Labour has yet again shown it doesn’t care about its Jewish members. Jeremy Corbyn said earlier this year that “there is no place for anti-Semitism or any form of racism in the Labour party”. But not for the first time – and not for the last – Jews who still belong to the party have been sidelined.
The latest cause for disquiet is the decision yesterday by the party’s National Executive Committee. Not content with scrapping the party’s student wing ahead of next week’s gathering in Brighton, the NEC has now agreed new rules concerning the handling of allegations of anti-Semitism and disciplinary procedures for expelling members. Yet it has done so without consulting the Jewish Labour Movement, the Labour party’s oldest Jewish affiliate group. To make matters worse, the debate on these changes is scheduled to take place at conference on Shabbat, or Sabbath, the Jewish day of rest. This means that orthodox Jews who want to take part in the debate won’t be able to.
So to summarise: the NEC has decided to allow a debate on how the party handles allegations of hate towards Jews, on a day when some Jews can’t participate in the debate.
Would Labour treat any other group this way? Would the party hold a discussion on the handling of Islamophobia on a day when Muslims couldn’t participate? It seems unlikely.
Jewish Labour Movement has reacted angrily. In a statement, the group says: “the party wishes to make sweeping changes to the disciplinary rules on anti-Semitism, without consulting us, it’s only Jewish affiliate, or any communal organisation. To add insult to injury, they will debate these changes at conference on the Jewish Sabbath, when religiously observant Jewish Labour delegates will be silenced, unable to participate in the debate.”

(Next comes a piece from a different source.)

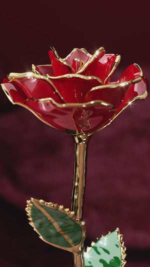 Chaque rose mesure 11-12 pouces de longueur et est livrée complète dans une boîte cadeau décorative incluant un magnifique trépied en acrylique transparent et une carte de authenticité attestant l'or 24K.

So what are the changes being debated? The rules would give new powers to the party’s general secretary and a group of NEC officers to expel members guilty of anti-Semitism. Labour claims that this will speed up the process of booting out anti-Semites. But given the party’s track record of dealing with such cases, it is no surprise that many Jews are sceptical.
Instead this looks like an attempt to hand over control of who is – and isn’t – kicked out of the party for anti-Semitism to a few individuals close to the leadership. With Jeremy Corbyn enjoying a majority of support on the NEC, this again is evidence of the centralisation of power in the party.
In short, it’s good news for Corbyn. But bad news for the dwindling number of Jews who still believe they have a home in the Labour party.
The Jewish Labour Movement spoke for many such members when it said these alterations “will simply streamline the process of letting anti-Semites off the hook.”
Enough is enough was the slogan used to protest the inaction of Labour to anti-Semitism. Perhaps a different slogan is called for: nothing has changed. And nothing will change while Jeremy Corbyn is leader of the Labour party.